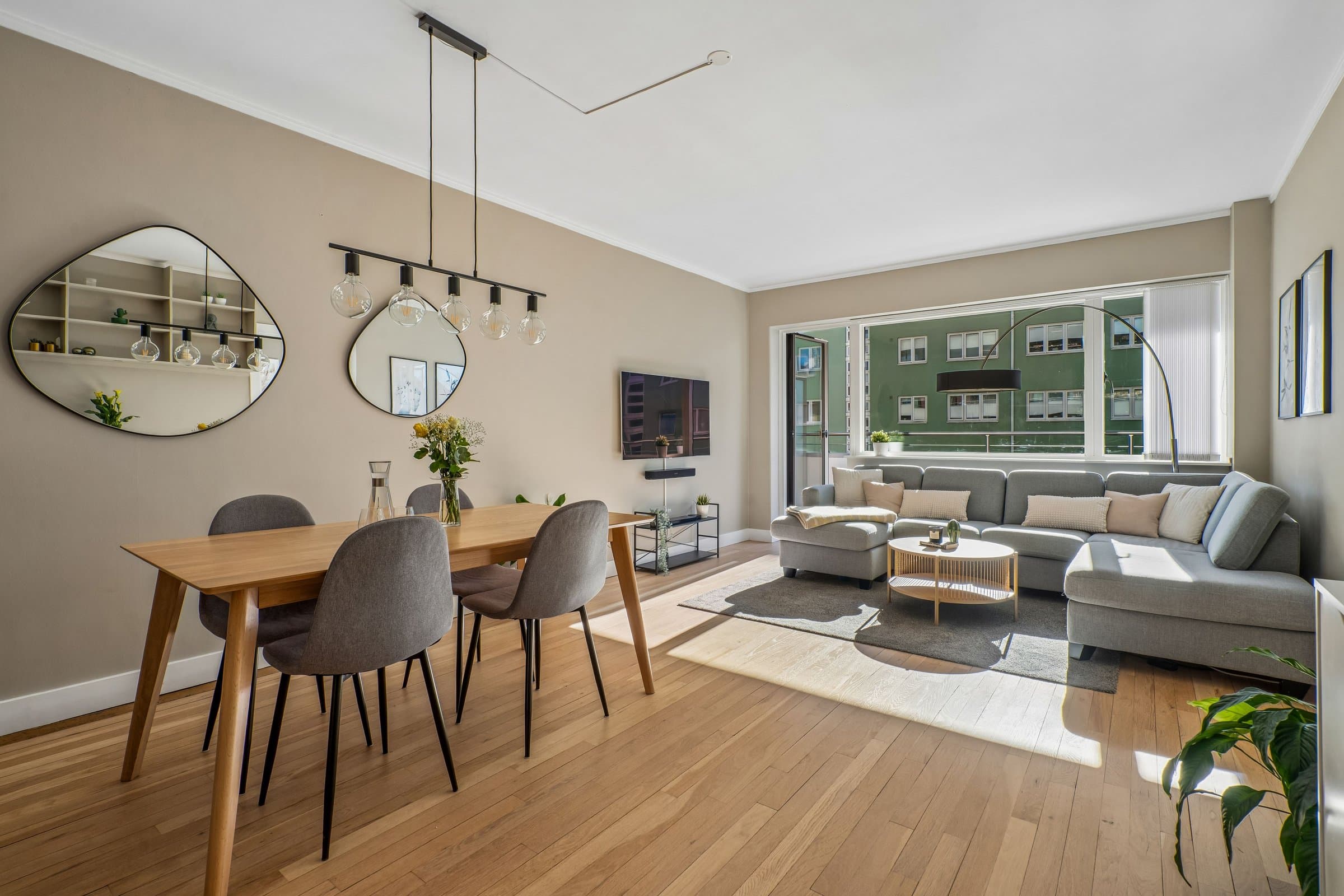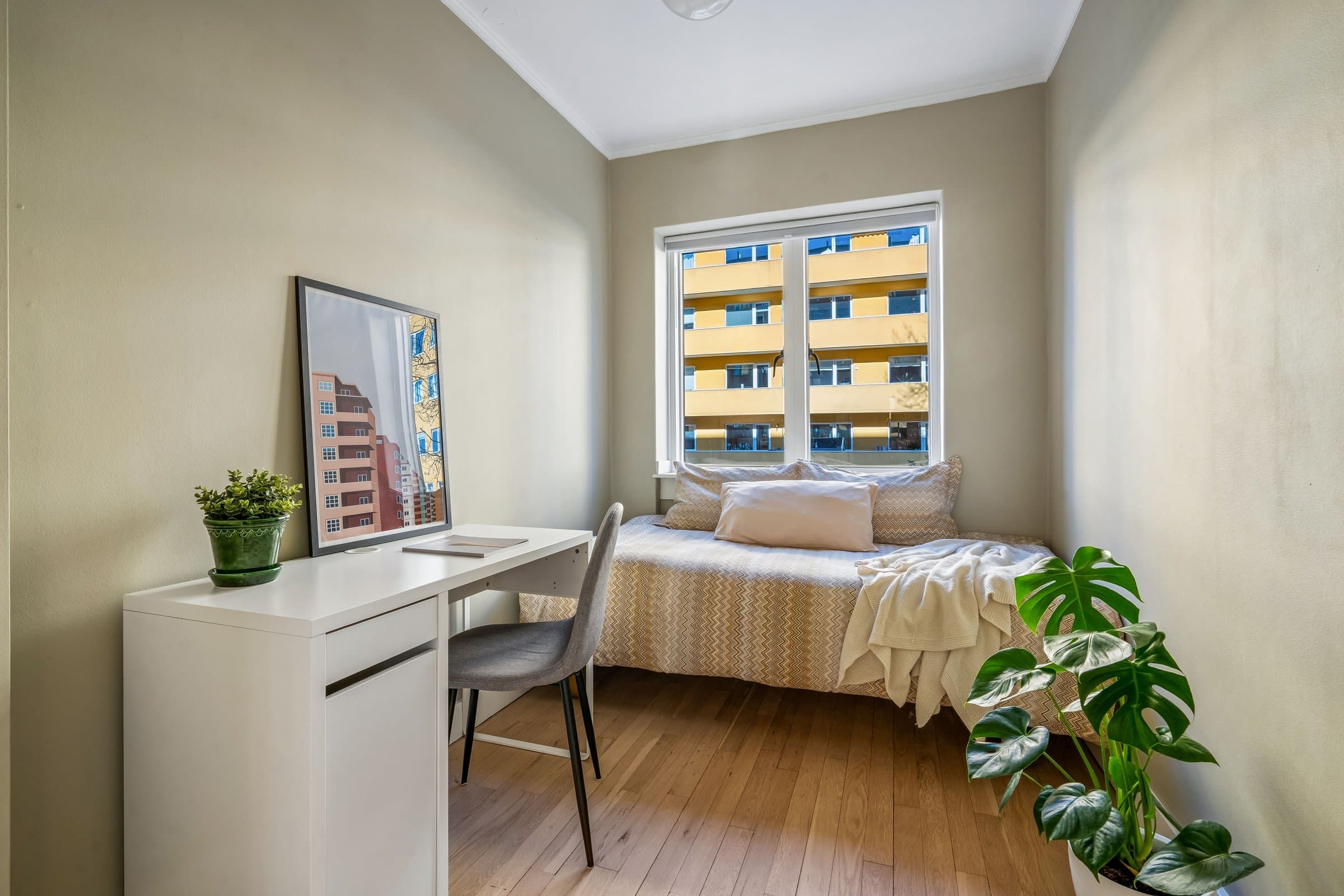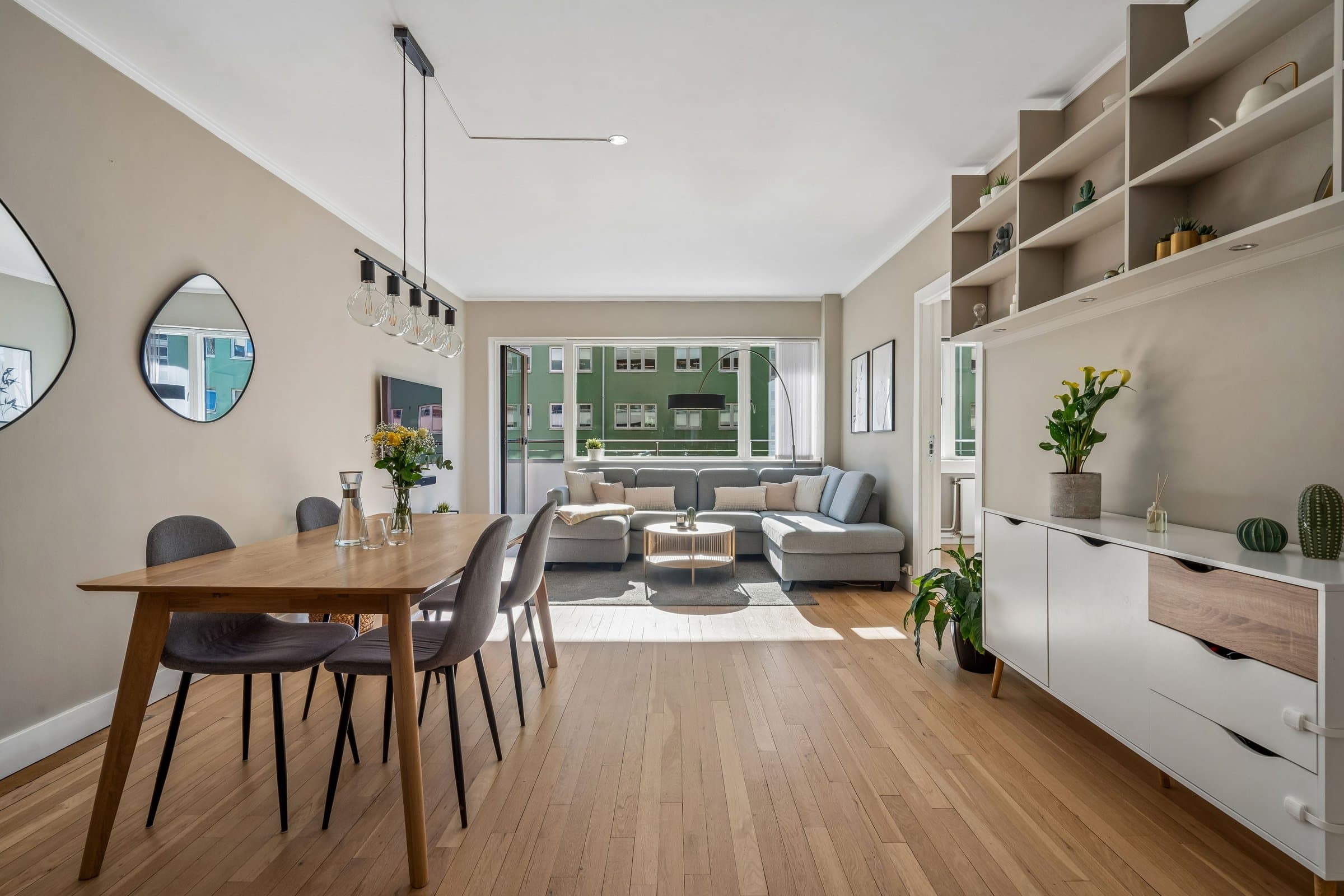 Lekker 3-roms med solrik balkong, heis og peis. Mulighet for parkering. Den gjennomgående planløsningen og de store vindusflatene slipper inn mye lys. Leiligheten har god standard. Planløsningen er meget arealeffektiv. Leiligheten består av gang, pent og praktisk kjøkken med mye skap- og benkeplass i delvis åpen løsning mot stuen, hyggelig stue med original peis og utgang til stor balkong, to romslige soverom og bad/wc med opplegg for vaskemaskin. Balkongen ble pusset opp og utvidet i 2016.
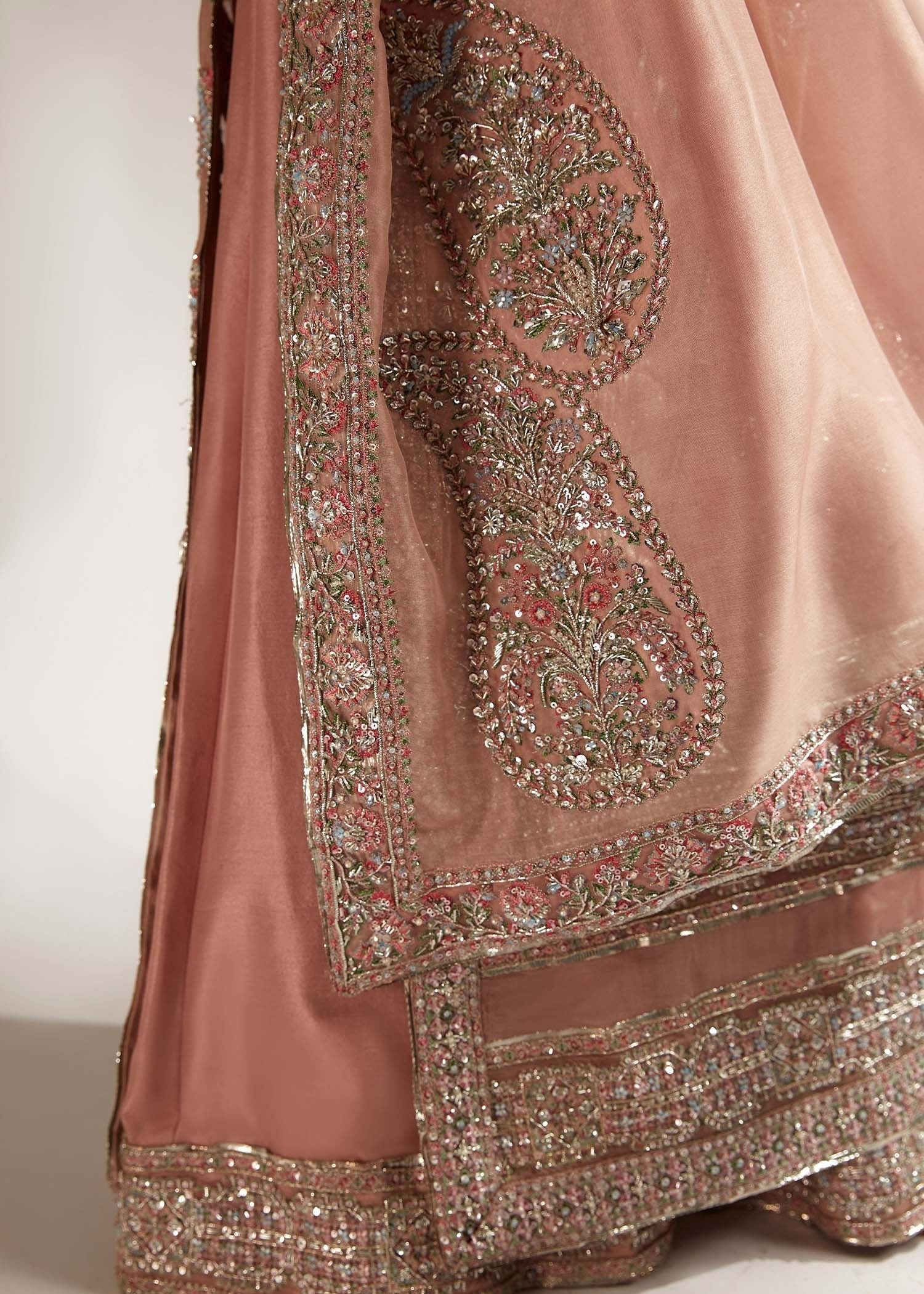 This regal outfit rendered in a beautiful shade of Pink on an organza canvas for shirt and Raw-silk palazzo, with heavy embellished motifs along with intricate details. The timeless look is completed with an organza dupatta along with four side heavy embellished borders with 3 different corner motifs embellished with sequins, cut dana and with nakashi, dabka concluding the look marvelously.
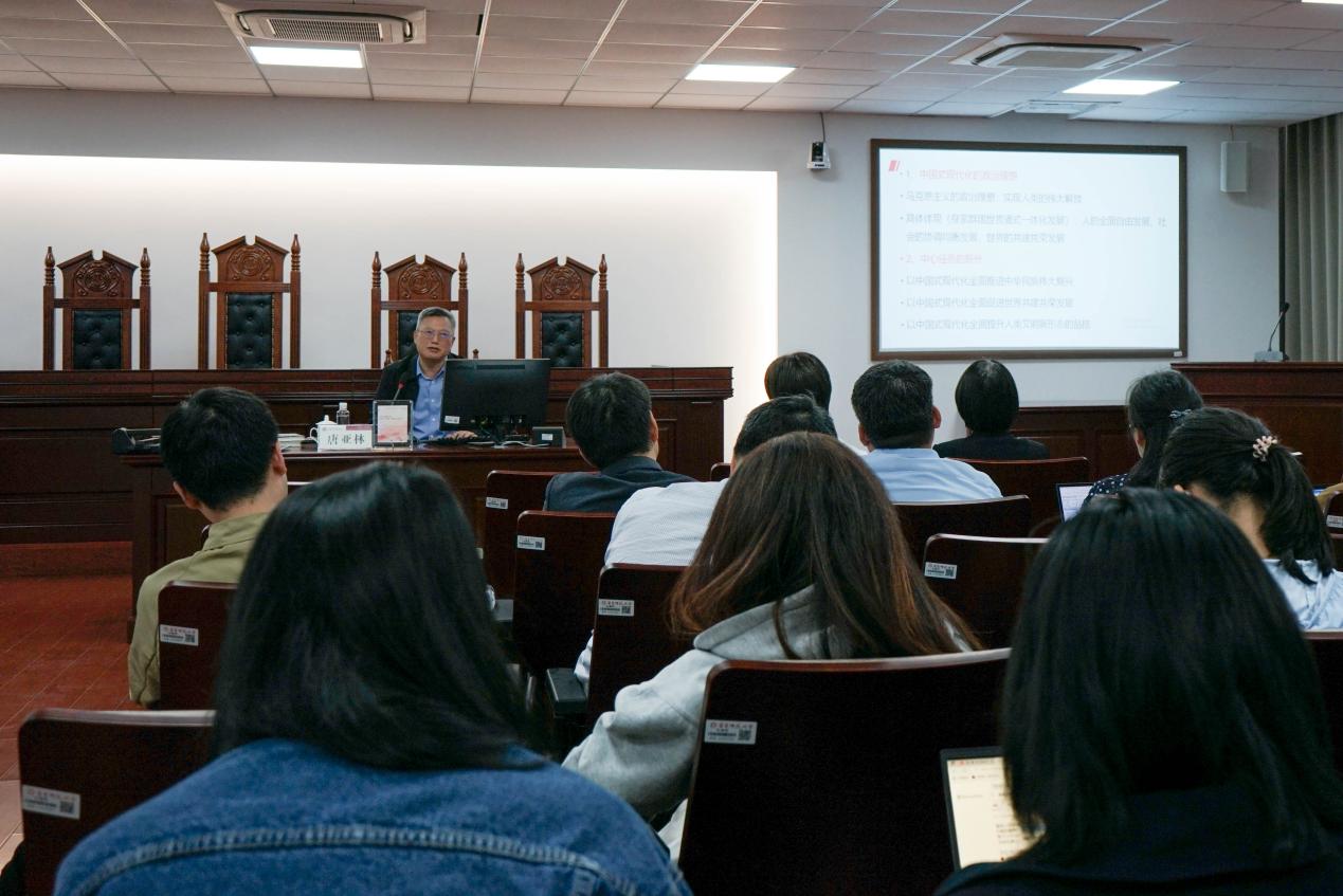 讲座伊始,唐教授对党的二十大报告的主题进行解读,对报告所体现出来的新特点、新表述进行深度分析,他认为二十大报告的历史意义在于政治理想、政治理论、政治实践、政治道路、政治绩效得到有机结合,这对于中国式现代化有着深远意义。随后,唐教授围绕中国式现代化的新使命、新道路、新理论与新形态四个方面具体展开,指出党的二十大报告中心任务就是要求处理好党、人民和国家的关系,中国式现代化的基本特征表明了中国社会现代化的特殊性与人类社会现代化的普遍性,在某种意义上,这种特殊性就是普遍性。他强调,中国式现代化应当打破西方话语体系的桎梏,这就要求在发展过程中始终坚持“四个自信”,不断探索符合国情的现代化道路。
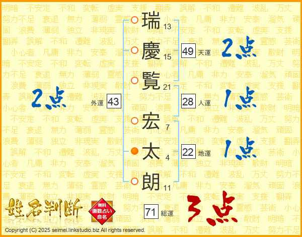 瑞(13画)慶(15画)覧(21画) 宏(7画)太(4画)朗(11画)
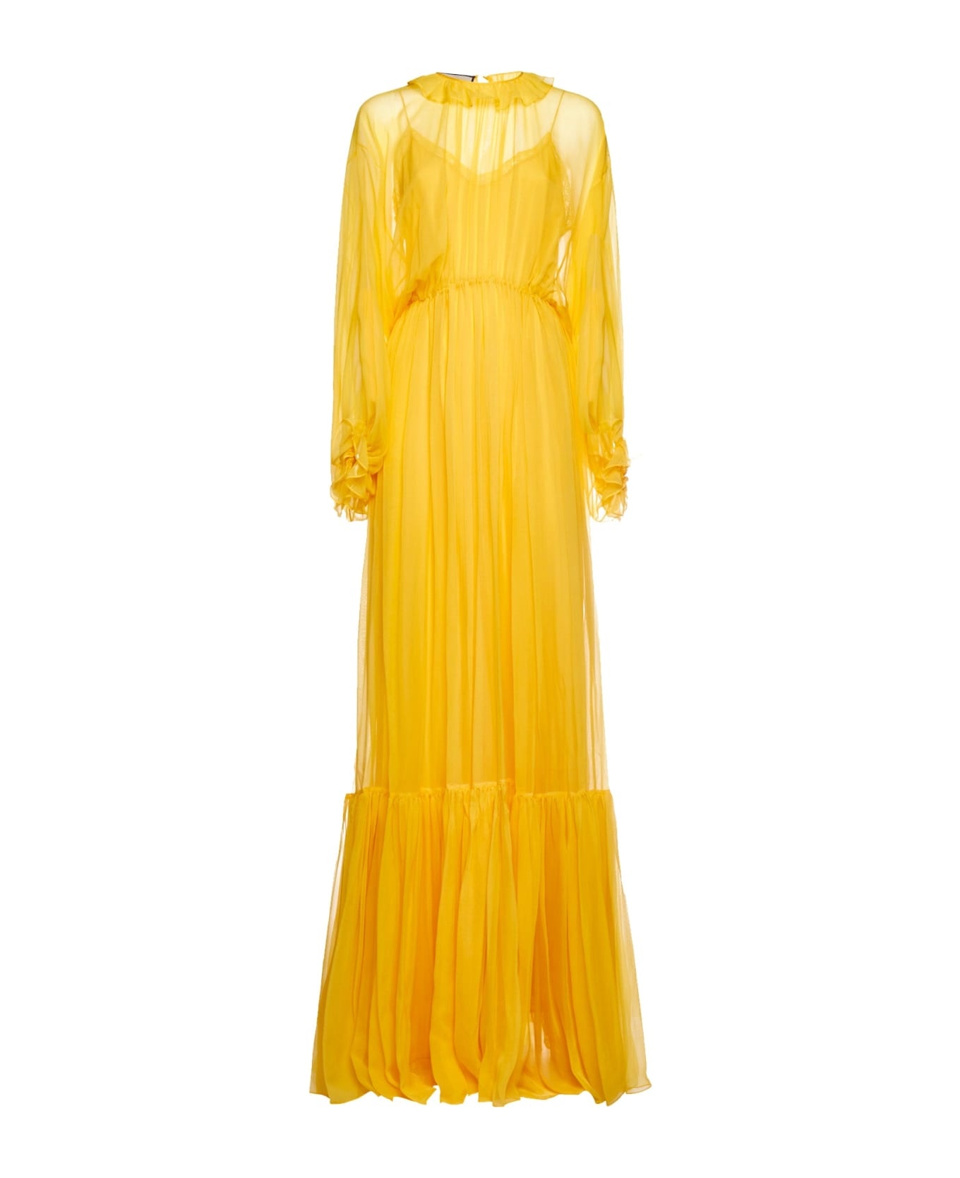 76% Acetate 24% Silk - Long sleeves - Ruffles detail - Specialist wash Made in: Italy Color: Yellow Model number: 695157ZHS577803

▶ **Work order**: The response should be the lines from the one containing "This regal outfit" through the final line of the records, reproduced exactly and with every picture left out.

▶ **Exercise answer**:
 This regal outfit rendered in a beautiful shade of Pink on an organza canvas for shirt and Raw-silk palazzo, with heavy embellished motifs along with intricate details. The timeless look is completed with an organza dupatta along with four side heavy embellished borders with 3 different corner motifs embellished with sequins, cut dana and with nakashi, dabka concluding the look marvelously.
 讲座伊始,唐教授对党的二十大报告的主题进行解读,对报告所体现出来的新特点、新表述进行深度分析,他认为二十大报告的历史意义在于政治理想、政治理论、政治实践、政治道路、政治绩效得到有机结合,这对于中国式现代化有着深远意义。随后,唐教授围绕中国式现代化的新使命、新道路、新理论与新形态四个方面具体展开,指出党的二十大报告中心任务就是要求处理好党、人民和国家的关系,中国式现代化的基本特征表明了中国社会现代化的特殊性与人类社会现代化的普遍性,在某种意义上,这种特殊性就是普遍性。他强调,中国式现代化应当打破西方话语体系的桎梏,这就要求在发展过程中始终坚持“四个自信”,不断探索符合国情的现代化道路。
 瑞(13画)慶(15画)覧(21画) 宏(7画)太(4画)朗(11画)
 76% Acetate 24% Silk - Long sleeves - Ruffles detail - Specialist wash Made in: Italy Color: Yellow Model number: 695157ZHS577803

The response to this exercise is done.